Is the WCR Act a workplace law?

  1. “Workplace law” is defined in s.12 of the FW Act as:

    “(a)  this Act; or

    (b) the Fair Work (Registered Organisations) Act 2009 ; or

    (c) the Independent Contractors Act 2006; or

    (d) any other law of the Commonwealth, a State or a Territory that regulates the relationships between employers and employees (including by dealing with occupational health and safety matters).”

  2. The applicant submits that the WCR Act is a workplace law because it is a State law which regulates the relationship between employers and employees. This, it contends, is supported by the objects of the WCR Act, which provide as follows:

    “4 Objects of Act

    (1) This part states the main objects of this Act.

    (2) The objects are an aid to the interpretation of this Act.

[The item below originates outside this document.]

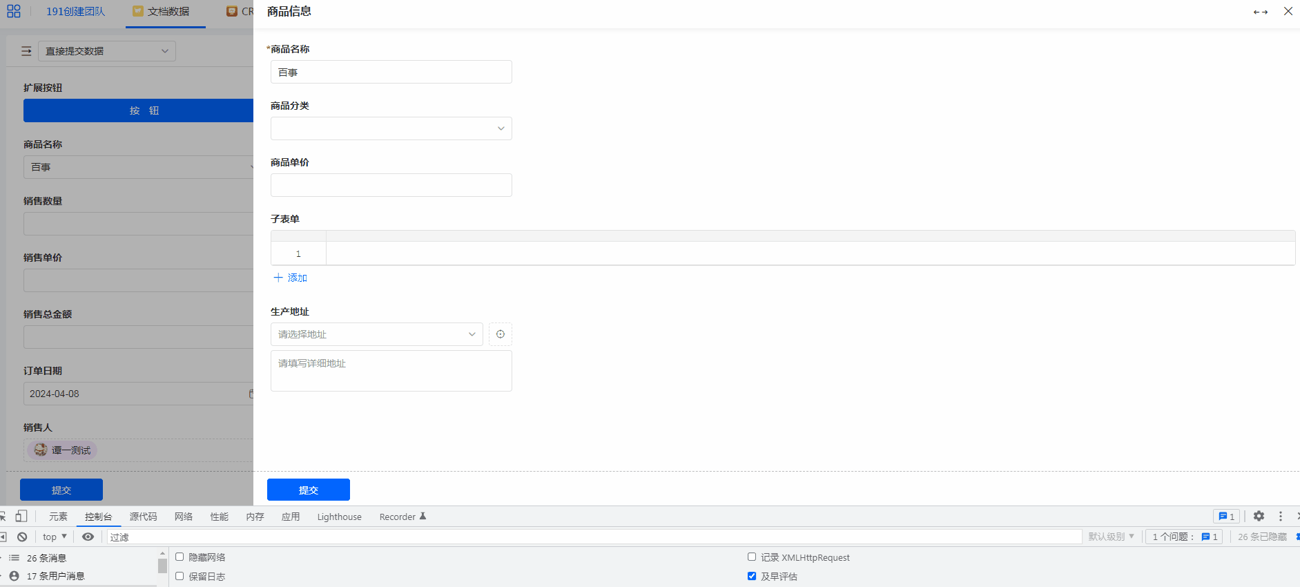 当前表单提交或编辑数据时,点击按钮,弹出表单,编辑弹出表单并提交后,关闭弹出表单,发现弹出表单的字段值自动回写到当前表单的对应字段中。
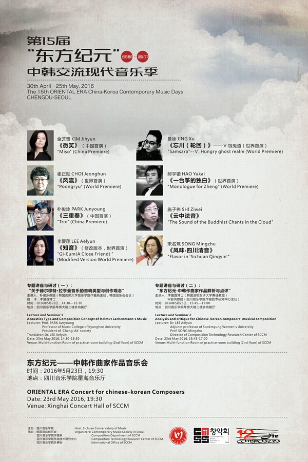 第15届“东方纪元”——中韩交流现代音乐季 金芝贤 KIM Jihyun 《微笑》 (中国首演) "Miso" (China Premiere) 景徐 JING Xu 《忘川(轮回)》——Ⅴ.饿鬼道(世界首演) "Samsara"--Ⅴ. Hungry ghost realm (World Premiere) 崔正勋 CHOI Jeonghun 《风流》(世界首演) "Poongryu" (World Premiere) 郝宇锴 HAO Yukai 《一台筝的独白》(世界首演) "Monologue for Zheng" (World Premiere) 施子伟 SHI Ziwei 《云中法音》 "The Sound of the Buddhist Chants in the Cloud" 朴俊泳 PARK Junyoung 《三重奏》(中国首演) "Trio" (China Premiere) 宋名筑 SONG Mingzhu 《风味•四川清音》 "Flavor in ‘Sichuan Qingyin’" 李爱莲 LEE Aelyun 《知音》(修改版本,世界首演) "Gi-Eum(A Close Friend) " (Modified Version World Premiere)  专题讲座与研讨(一): “关于赫尔穆特•拉亨曼音乐的音响类型与创作观念” 主讲人:朴俊泳教授(韩国庆熙大学音乐学院作曲系主任,韩国创乐会会长) 翻 译:李爱莲博士 时间:2016年5月23日,14:30—15:30 地点:伟德bv国际体育琴房大楼二楼多功能厅  专题讲座与研讨(二): “东方纪元-中韩作曲家作品解析与点评” 主讲人:李爱莲博士(韩国淑明女子大学兼任教授) 宋名筑教授(伟德bv国际体育作曲技术研究中心主任) 时间:2016年5月23日,15:45—17:00 地点:伟德bv国际体育琴房大楼二楼多功能厅  东方纪元——中韩作曲家作品音乐会 时间:2016年5月23日,19:30 地点:伟德bv国际体育星海音乐厅 主办:伟德bv国际体育 承办:韩国首尔创乐会 伟德bv国际体育作曲系 伟德bv国际体育作曲技术研究中心 伟德bv国际体育外事处

    5 Workers' compensation scheme

    (1) This Act establishes a workers' compensation scheme for Queensland -

    (a) providing benefits for workers who sustain injury in their employment, for dependants if a worker's injury results in the worker's death, for persons other than workers, and for other benefits; and

    (b) encouraging improved health and safety performance by employers.

    (2) The main provisions of the scheme provide the following for injuries sustained by workers in their employment -  

    (a) compensation;

    (b) regulation of access to damages;

    (c) employers' liability for compensation;

    (d) employers' obligation to be covered against liability for compensation and damages either under a WorkCover insurance policy or under a licence as a self-insurer;

    (e) management of compensation claims by insurers;

    (f) injury management, emphasising rehabilitation of workers particularly for return to work;

    (g) procedures for assessment of injuries by appropriately qualified persons or by independent medical assessment tribunals;

    (h) rights of review of, and appeal against, decisions made under this Act.

    (4) It is intended that the scheme should -

    (a) maintain a balance between -

    (i) providing fair and appropriate benefits for injured workers or dependants and persons other than workers; and

    (ii) ensuring reasonable cost levels for employers; and

    (b) ensure that injured workers or dependants are treated fairly by insurers; and

    (c) provide for the protection of employers' interests in relation to claims for damages for workers' injuries; and

    (d) provide for employers and injured workers to participate in effective return to work programs; and

    (da) provide for workers or prospective workers not to be prejudiced in employment because they have sustained injury to which this Act or a former Act applies; and

    (e) provide for flexible insurance arrangements suited to the particular needs of industry.”

  3. The WCR Act, although not based on a model law, is comparable in terms of objects and scheme to legislation operating in other States and the Commonwealth: see generally Accident Compensation Act 1985 (Vic); Workers Rehabilitation and Compensation Act 1986 (SA); Workplace Injury Management and Workers Compensation Act 1998 (NSW) and Safety, Rehabilitation and Compensation Act 1988 (Cth).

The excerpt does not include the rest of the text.